Re: Fwd: LMDB and text encoding

2015-02-15 Thread Florian Weimer
* Timur Kristóf:

>> > A path is always a Unicode string, while a DB name can be an arbitrary
>> > binary blob.
>>
>> On many POSIX platforms, a path is a blob which does not contain
>> '\000'.  These systems do not enforce Unicode encoding at all.
>
> My mistake. I was unaware.
> On those platforms, how do you type a path name into a terminal?

There are some files which are not directly nameable.  Many programs
support special sequences such as “Ctrl+V 3 7 7” to enter arbitrary
bytes, but that's not universal.  Depending on the actual
implementation of the terminal, cut-and-paste of funny file names can
work, too.

Older programs have trouble accessing such files even if the user
chooses them in a file selection dialog, but current version are
supposed to have been fixed (including OpenJDK, which took a
ridiculously long time).  Beyond that, it's not much different from
dealing with file names in an unfamiliar script.



Re: Fwd: LMDB and text encoding

2015-02-15 Thread Timur Kristóf
>>> > A path is always a Unicode string, while a DB name can be an arbitrary
>>> > binary blob.
>>>
>>> On many POSIX platforms, a path is a blob which does not contain
>>> '\000'.  These systems do not enforce Unicode encoding at all.
>>
>> My mistake. I was unaware.
>> On those platforms, how do you type a path name into a terminal?
>
> There are some files which are not directly nameable.  Many programs
> support special sequences such as “Ctrl+V 3 7 7” to enter arbitrary
> bytes, but that's not universal.  Depending on the actual
> implementation of the terminal, cut-and-paste of funny file names can
> work, too.
>
> Older programs have trouble accessing such files even if the user
> chooses them in a file selection dialog, but current version are
> supposed to have been fixed (including OpenJDK, which took a
> ridiculously long time).  Beyond that, it's not much different from
> dealing with file names in an unfamiliar script.

Interesting.
So ultimately, there are always going to be things that you cannot
type into your terminal directly.



Re: Fwd: LMDB and text encoding

2015-02-15 Thread Timur Kristóf
> > A path is always a Unicode string, while a DB name can be an arbitrary
> > binary blob.
>
> On many POSIX platforms, a path is a blob which does not contain
> '\000'.  These systems do not enforce Unicode encoding at all.
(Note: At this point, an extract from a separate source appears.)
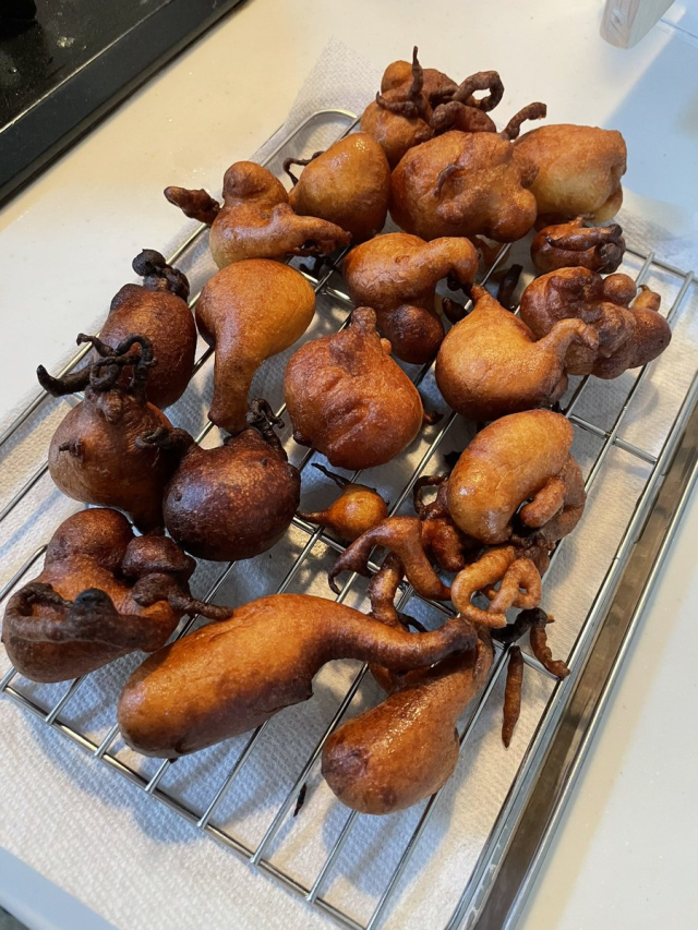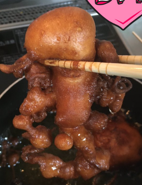 推主:「我炸的時候也感覺是不是有章魚混進去了?」

My mistake. I was unaware.
On those platforms, how do you type a path name into a terminal?



Re: Fwd: LMDB and text encoding

2015-02-15 Thread Florian Weimer
* Timur Kristóf:

> A path is always a Unicode string, while a DB name can be an arbitrary
> binary blob.

On many POSIX platforms, a path is a blob which does not contain
'\000'.  These systems do not enforce Unicode encoding at all.



Re: Fwd: LMDB and text encoding

2015-02-02 Thread Hallvard Breien Furuseth

On 02. feb. 2015 17:11, Timur Kristóf wrote:

I suggest we wait to deal with DB names until we also have a way to
deal with filenames.  And this time test that it works is practice.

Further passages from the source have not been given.